Digital Information Revolution Changes in Canada:E-Government Design, the Battle Against Illicit Drugs, and Health Care Reform by Scarlett Kelly
Author:Scarlett Kelly [Kelly, Scarlett]
Language: eng
Format: epub
Publisher: Scarlett Kelly
Published: 2016-03-15T00:00:00+00:00
5. Health Care Reform
5.1. Background: Problematic System
The current health care system is costly and inefficient. For example, in 2012, nearly 40% of the total budgets of provinces and territories went to health care budgets, yet the wait times of six or more days to see a doctor rose from 25% to 33% (National Post, 2014, para. 8, 9). In 2014, the Commonwealth Fund in the US conducted an international study, which compared eleven nations on health care quality, access, efficiency, and equality (The Commonwealth Fund, 2015, para. 13). In this study, the Canadian health care system ranked second last among eleven developed countries, while the government spent the sixth most per capita of any developed nation (National Post, 2014, para. 1, 2). All these disproportionate spending and outcomes suggest that the current Canadian health care system needs to reform as it is both underperforming and expensive (Senate Canada, 2012, p. V).

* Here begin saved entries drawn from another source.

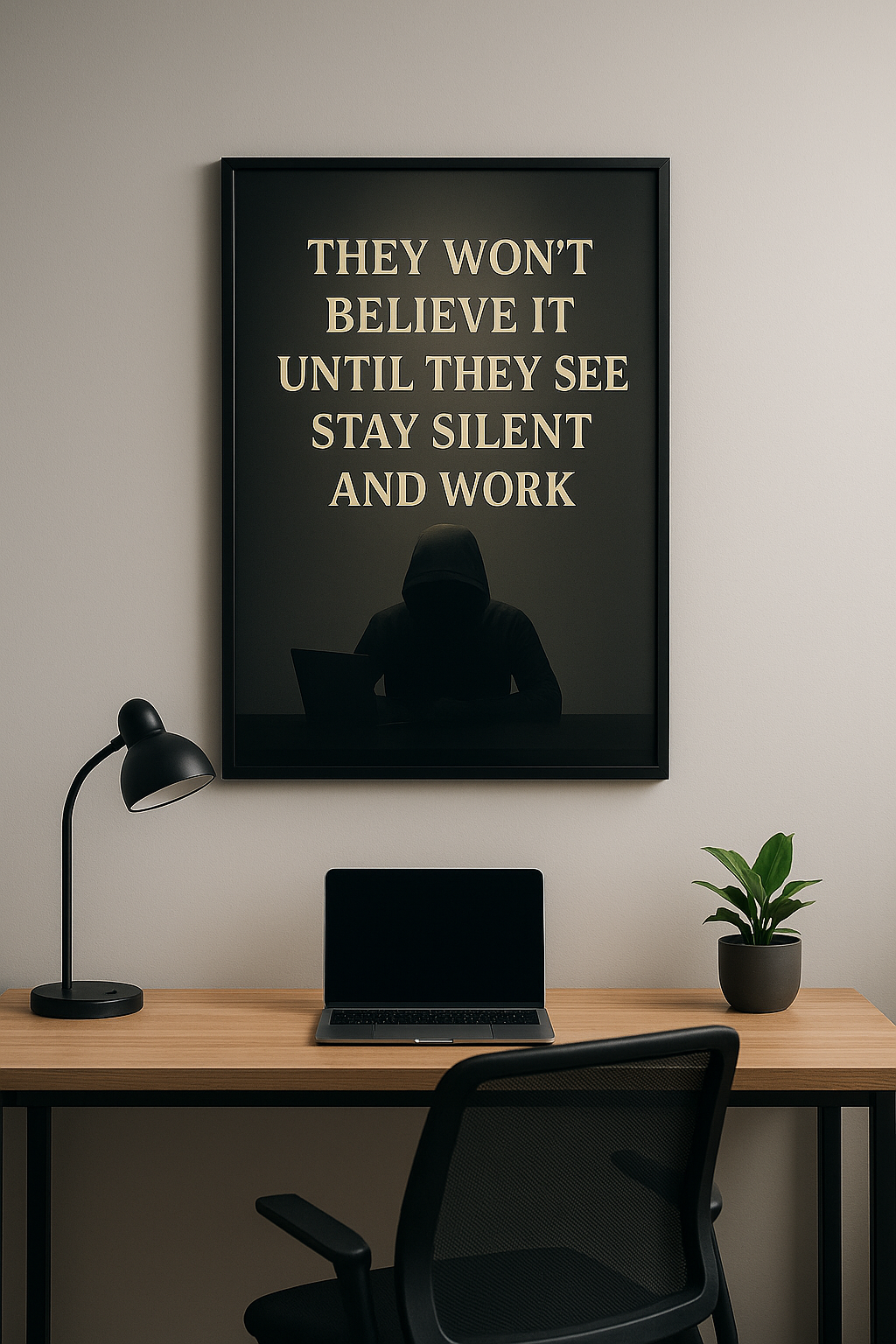 This piece exists to turn that weight into fuel. It’s a reminder that you don’t owe anyone speeches, updates, or proof in advance. Your job is simple: stay silent, do the work, and let results speak louder than any promise, plan, or argument. Every time you look at it, it pulls you away from talking about what you’ll do and back into actually doing it.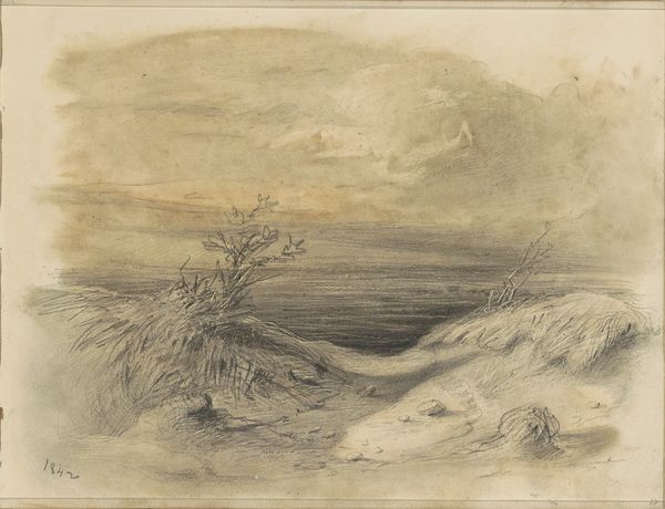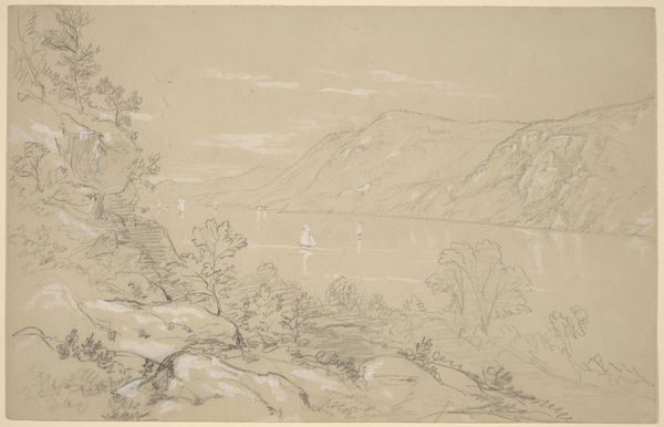 Curator: Eduard Wilhelm Pose’s “Italian Landscape,” a watercolor drawing residing here at the Städel Museum, immediately strikes me as dreamlike, a vision veiled in sepia tones. Editor: Absolutely. It's an ode to nostalgia, wouldn't you agree? The way the hazy washes blend together, almost erasing the details, feels like recalling a memory from a great distance. The overall composition projects romantic longing, wouldn't you say? Curator: I see your point. Indeed, the interplay of light and shadow, created through masterful manipulation of the watercolor medium, certainly evoke a mood of longing and perhaps, even the sublime. Look how the composition leads the viewer's gaze from the rocky foreground to the distant mountains and the vague architectural outlines sitting next to a body of water. Notice the subtle brushwork that differentiates the foliage. Editor: Subtlety is its strength, and the muted palette emphasizes the serenity. Yet, beneath the tranquil surface, the structural composition—the jagged rocks juxtaposed with the distant, orderly town—suggests a dialogue between untamed nature and human civilization. Almost a kind of reverie of Romanticisim. Curator: A binary opposition, as it were. Precisely, Pose’s Romantic sensibilities clearly resonate with the artistic ideals of his era. The calculated arrangement of elements and restricted tonal range serve not only to capture a picturesque scene but also to imbue it with symbolic weight. I see, reflected through nature itself, society emerging. Editor: It reminds me of Turner's watercolors, the way he captures light, and atmosphere. But there's also something uniquely German about the way Pose imbues this with emotion. Curator: I concede the stylistic resemblance. Now, let's not overlook how the work speaks to a broader cultural phenomenon: the 19th-century artist's pilgrimage to Italy in search of beauty and inspiration, with particular attention paid to the arrangement of line, shape, form and color, a sophisticated interpretation of Italian essence. Editor: Ultimately, it is more than a visual document, wouldn't you agree? More a visual poem or dream, filtered through a deeply personal lens. Curator: A fitting synthesis, truly.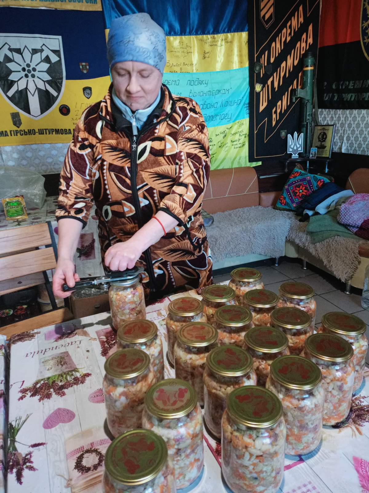 • Відправили також окопні свічки, виготовив їх Анатолій Шведа з Шибени,- каже Галина Іванівна, - дякуємо цій працьовитій людині. За окопні свічки дякуємо також учням та вчителям Терешківського ліцею Антонінської громади, ми і  їх  відіслали у Харківську область, у Золочів. Дякуємо добрим людям, які нам допомагають, надають кошти, продукти, випікають. Дякую моїм землякам з Корчівки: Валентині Гудз (1000 гривень), Оксані Цинюк (1000 гривень), Ользі Балан за цибулю, сало та смалець; за випічку дякую Антоніні Мартинюк, Анастасії Додарчук, Галині Налісніковській. Дякую добрим людям з Колок: Таїсії Демедюк (500 гривень, квасоля), Людмилі Хитрун (400 гривень, квасоля), Людмилі Конобі – за яйця, Валентині Члек – за відерця, Анатолію Демедюку (200 гривень). Готуємося до наступного відправлення, робимо каші, квасимо, тушкуємо капусту. Працюємо щодня, треба багато всього зробити.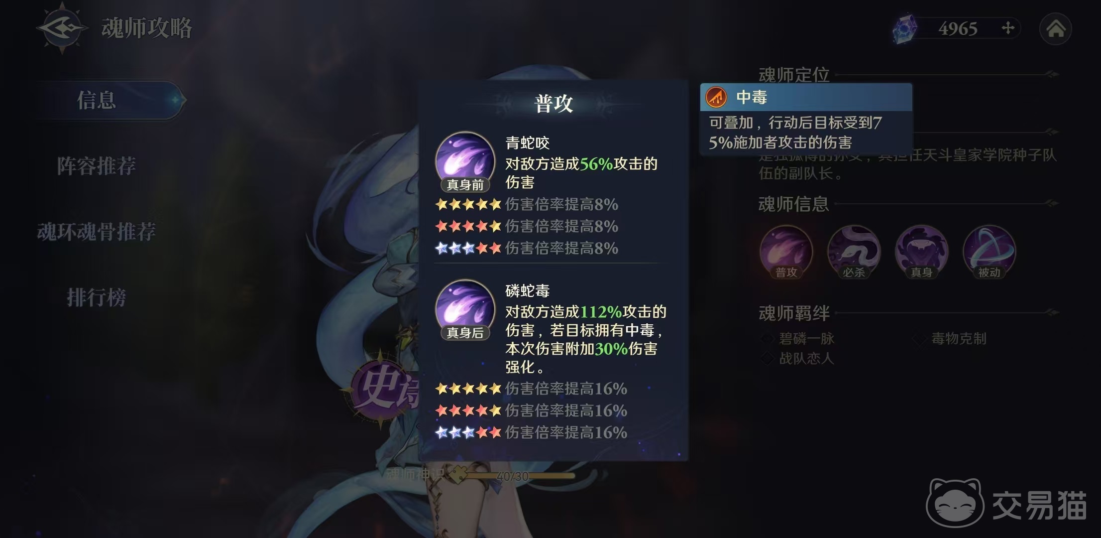 在武魂变身之前普攻为青蛇咬,能够造成56%攻击的伤害,提升星级后倍率还有所提升。在武魂真身状态下进化成碧鳞蛇毒,能够对目标造成112%攻击伤害,如果此时目标身上带有中毒效果,本次普攻将附加30%强化。依靠对方中毒之后打出强化后普攻,是独孤雁输出中很重要的方面,所以虽然自身输出围绕中毒,但是在阵容搭配的时候却不会走异常队,而是其他路线,接下来小编会介绍。

However, the attempts that the governments have made have not improved the current situation. For example, in the 2004 First Ministers’ 10-Year Plan to Strengthen Health Care, the federal government devoted a portion of $41 billion funding to reduce wait times (BCMA, 2006, p. 5). Despite the new funding, the median wait time for cataract surgery in British Columbia remained at 7.6 weeks and even increased 0.9 weeks for all orthopedic surgeries (BCMA, 2006, p. 6). As the expected wait time decrease is out of proportion to funding increase, the waiting time as an example indicates that increasing expenditure is not the right path to take and we need to explore new methods to conduct a successful reform. After all, the Canadian health care system needs a make-over, not a touch-up as the funding increase has attempted to do.
A national electronic health record (EHR) is not only about digitizing and communication among jurisdictions. It is an application of information technology into government functions that directly relate to all citizens’ lives. Its social impacts exceed its technical impacts. The successful implementation of a national EHR requires significant changes in the health care system, including changes in open-federalism, fundamental changes within the Canadian Health Act, and changes in the current health care culture. A national EHR will bring efficiency, decrease costs, and establish the accountability that the attempts to reform have failed to deliver.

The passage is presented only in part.